In a commentary carried by the official Korean Central News Agency (KCNA) on Friday, Pyongyang cast the biennial exercise as a rehearsal for war that was dragging the Pacific into dangerous turbulence, and said regional states had an inviolable right to bolster their own war deterrence in response.
KCNA said the "reckless racket" of what it called international ruffians would inevitably invite a chain of proportional responses from countries seeking to firmly rein it in. It heaped scorn on the United States, South Korea and Japan alike, likening the drill to outsiders lighting a fire at a neighbor's doorstep.
The commentary is notable for reviving the epithet "puppet," a term North Korean media had not aimed at the current South Korean government in about one year and three months, since an April 2024 incident involving a South Korean air force fighter jet.

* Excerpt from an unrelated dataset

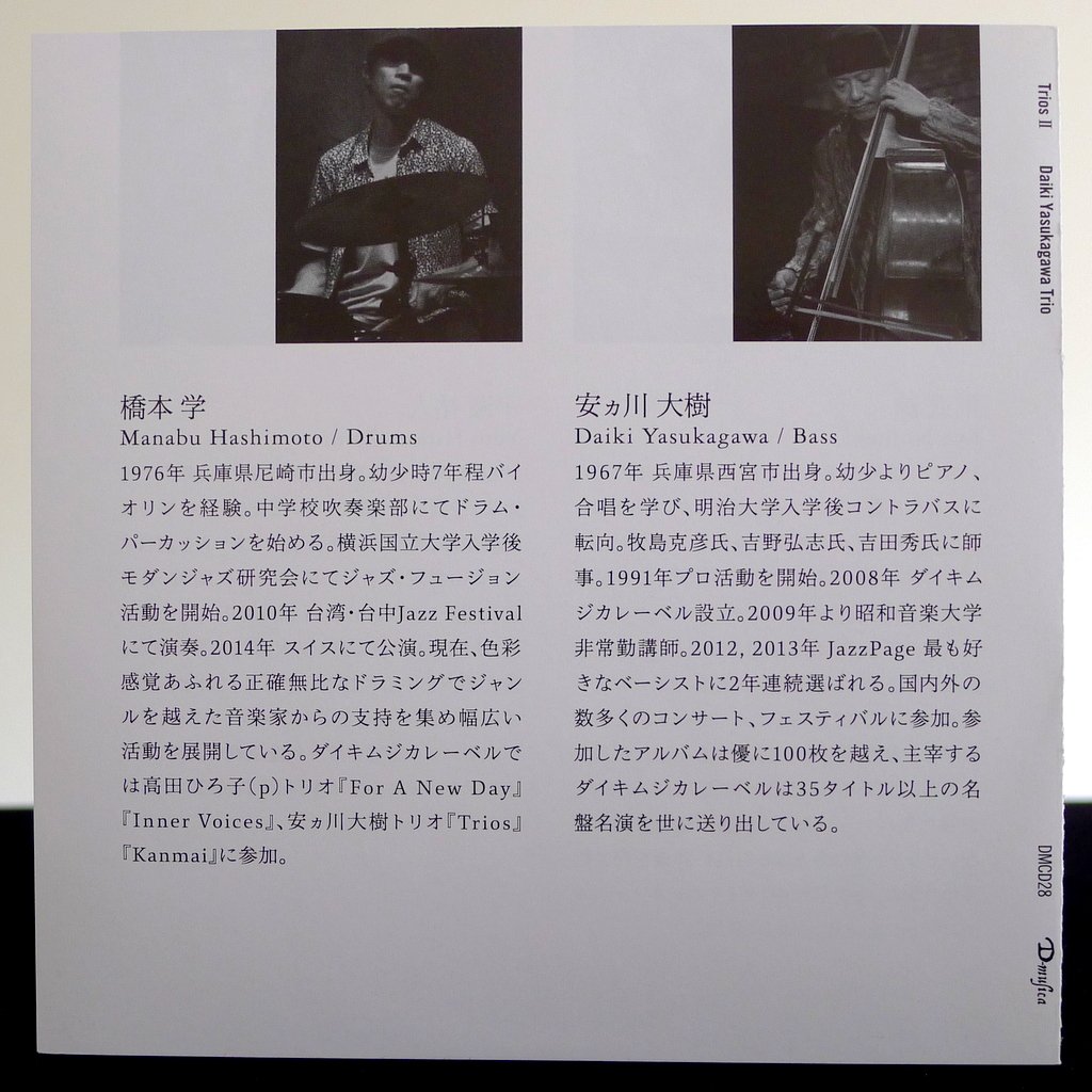 In addition to providing a glimpse into the modern working trio in Tokyo’s current jazz scene, Trios II is also a great standalone package of jazz piano trios performing Yasukagawa’s music for a comfortable, mood-enhancing collection.

North Korea took particular aim at Seoul's expanded footprint, asserting that South Korea had joined "as a main force." The South Korean Navy, a RIMPAC participant since 1990, this year commanded the exercise's combined maritime component for the first time, overseeing the operations of a multinational fleet.
Pyongyang also seized on the exercise's embrace of new technology, noting that artificial intelligence had been introduced and that the integrated operation of manned and unmanned weapons systems had been made a core training focus.
"The Pacific has now turned into a battlefield thick with the smell of gunpowder, regardless of its name," KCNA said, warning that undesirable developments could soon unfold on the Korean peninsula.
RIMPAC 2026, which the U.S. Navy says draws 30 nations, began June 24 and runs through July 31 in and around Hawaii, led by the aircraft carrier USS Theodore Roosevelt.